Kernel 4: Protection and isolation

System calls and protected control transfer

The following is a list of actions that will occur, either by the process or by the kernel, once a process invokes a system call:

The process sets up arguments of the system call in registers, according to the system call's calling convention.
The process invokes the syscall instruction, which initiates a protected control transfer to the kernel.
The kernel starts executing from a pre-defined entry point, and executes a handler of the system call.
The kernel finishes processing the system call, and it picks another process to resume execution.

In the user space, a process has a system call "wrapper", which is a stub function that sets up the necessary state for executing a system call, and actually invokes the syscall instruction to transfer control to the kernel. Let's take look at the following system call, sys_getsysname, and this is its wrapper in the user space, defined in process.hh:

inline int sys_getsysname(char* buf) {
    register uintptr_t rax asm("rax") = SYSCALL_GETSYSNAME;
    asm volatile ("syscall"
                  : "+a" (rax), "+D" (buf)
                  :
                  : "cc", "rcx", "rdx", "rsi",
                    "r8", "r9", "r10", "r11", "memory");
    return rax;
}

The list of arguments cc, rcx, ... at the very end of the inline assembly tells the compiler that all these registers will be destroyed by the system call.
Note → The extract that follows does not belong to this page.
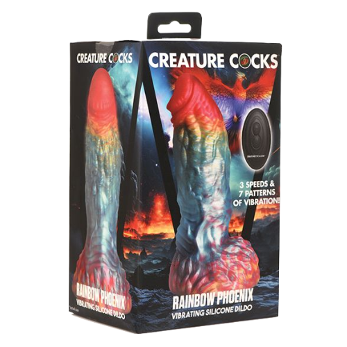 This massive, iridescent, rainbow-colored dong is inspired by the mystical firebird known as the phoenix! It has a large, tapered head, the veiny shaft is covered in feathery and mystical bumps, ridges, and textures that add delightful sensation, and the wide base has a strong suction-cup for hands-free rides! Get buzzed with the powerful vibrator that is nestled inside and choose between 3 speeds and 7 patterns of vibration that you control with the battery-operated remote! Made out of premium, phthalate-free silicone, this dong is body-safe and best used with water-based lubricants only. Use it in fantasy roleplay, kinky cosplay, and steamy self-love sessions! The soft but squishy material is also waterproof, rated as IPX6 so it can be taken in the shower but not submerged underwater. To recharge the vibrator, connect the magnetic end of the charger to magnetic points on the base of the dildo, then connect to the USB port or adapter. Power button flashes while charging. Remove from charger promptly once fully charged. Replace the remote’s battery as needed. To clean, wash with warm water and mild soap, then rinse it off and spray with a toy cleaner. Pat dry and let it air out. Store out of direct sunlight or heat. Keep separate from other silicone toys.

Because system call is different from a normal function call, the compiler needs to be explicitly informed about its calling convention.

The kernel's handler of this system call is located in kernel.cc, within the syscall() function. The relevant part is shown below:

case SYSCALL_GETSYSNAME: {
    const char* osname = "DemoOS 61.61";
    char* buf = (char*) current->regs.reg_rdi;
    strcpy(buf, osname);
    return 0;
}

It appears that the kernel is getting an argument of the system call, which is the buffer where to put the system call name, from current->regs.reg_rdi. Let's break it down how it works:

Each process has a process descriptor structure, maintained by the kernel.
When a syscall instruction is invoked, the kernel takes over, and it can access the process's process descriptor via pointer current.
The process descriptor maintains many information about the process, including the register state of the process right before the protected control transfer occurred. Some work is done by the kernel to copy all that information to the process descriptor (in this case, all register values are copied to a struct called reg within the process descriptor), more on that later.
Since register %rdi points to the buffer before syscall is executed (normal x86 calling convention), the kernel can access its value using current->reg.reg_rdi.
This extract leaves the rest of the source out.